======== DATASET CONTENT ========

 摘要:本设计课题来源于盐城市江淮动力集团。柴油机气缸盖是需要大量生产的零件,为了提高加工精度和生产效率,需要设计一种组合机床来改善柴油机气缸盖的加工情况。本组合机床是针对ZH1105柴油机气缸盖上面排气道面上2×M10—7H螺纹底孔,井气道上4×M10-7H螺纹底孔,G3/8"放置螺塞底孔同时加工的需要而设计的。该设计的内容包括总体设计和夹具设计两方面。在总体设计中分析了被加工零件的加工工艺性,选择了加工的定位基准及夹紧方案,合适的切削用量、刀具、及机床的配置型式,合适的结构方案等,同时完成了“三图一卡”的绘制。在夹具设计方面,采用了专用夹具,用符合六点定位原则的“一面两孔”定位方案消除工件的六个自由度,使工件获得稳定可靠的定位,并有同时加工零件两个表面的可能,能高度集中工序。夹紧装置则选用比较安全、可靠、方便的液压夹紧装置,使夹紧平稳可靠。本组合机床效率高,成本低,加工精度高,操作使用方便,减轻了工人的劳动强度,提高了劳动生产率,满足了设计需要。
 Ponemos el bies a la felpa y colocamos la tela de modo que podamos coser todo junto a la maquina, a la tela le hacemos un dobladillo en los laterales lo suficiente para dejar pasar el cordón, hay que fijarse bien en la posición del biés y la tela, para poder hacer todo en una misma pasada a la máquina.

========
======== DATASET CONTENT ========

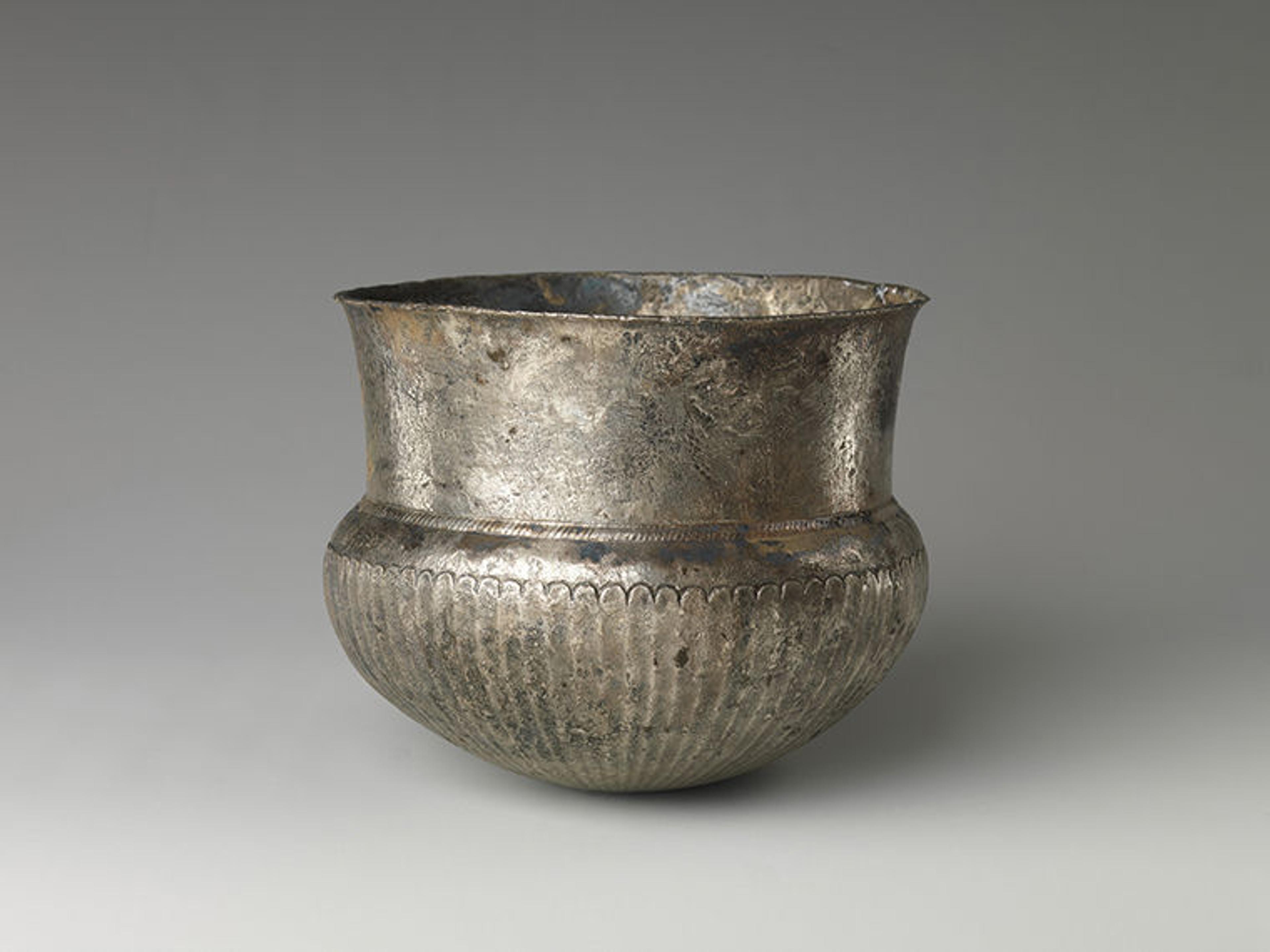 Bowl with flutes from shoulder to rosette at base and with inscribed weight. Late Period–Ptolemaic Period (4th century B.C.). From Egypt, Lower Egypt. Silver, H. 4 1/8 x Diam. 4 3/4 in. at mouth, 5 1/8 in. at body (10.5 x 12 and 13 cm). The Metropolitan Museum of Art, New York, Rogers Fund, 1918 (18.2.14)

========

Take the lines above from the one containing "摘要:本设计课题来源于盐城市" down to the one containing "Ponemos el bies", and transcribe them exactly, both ends included.

TASK RESPONSE |
 摘要:本设计课题来源于盐城市江淮动力集团。柴油机气缸盖是需要大量生产的零件,为了提高加工精度和生产效率,需要设计一种组合机床来改善柴油机气缸盖的加工情况。本组合机床是针对ZH1105柴油机气缸盖上面排气道面上2×M10—7H螺纹底孔,井气道上4×M10-7H螺纹底孔,G3/8"放置螺塞底孔同时加工的需要而设计的。该设计的内容包括总体设计和夹具设计两方面。在总体设计中分析了被加工零件的加工工艺性,选择了加工的定位基准及夹紧方案,合适的切削用量、刀具、及机床的配置型式,合适的结构方案等,同时完成了“三图一卡”的绘制。在夹具设计方面,采用了专用夹具,用符合六点定位原则的“一面两孔”定位方案消除工件的六个自由度,使工件获得稳定可靠的定位,并有同时加工零件两个表面的可能,能高度集中工序。夹紧装置则选用比较安全、可靠、方便的液压夹紧装置,使夹紧平稳可靠。本组合机床效率高,成本低,加工精度高,操作使用方便,减轻了工人的劳动强度,提高了劳动生产率,满足了设计需要。
 Ponemos el bies a la felpa y colocamos la tela de modo que podamos coser todo junto a la maquina, a la tela le hacemos un dobladillo en los laterales lo suficiente para dejar pasar el cordón, hay que fijarse bien en la posición del biés y la tela, para poder hacer todo en una misma pasada a la máquina.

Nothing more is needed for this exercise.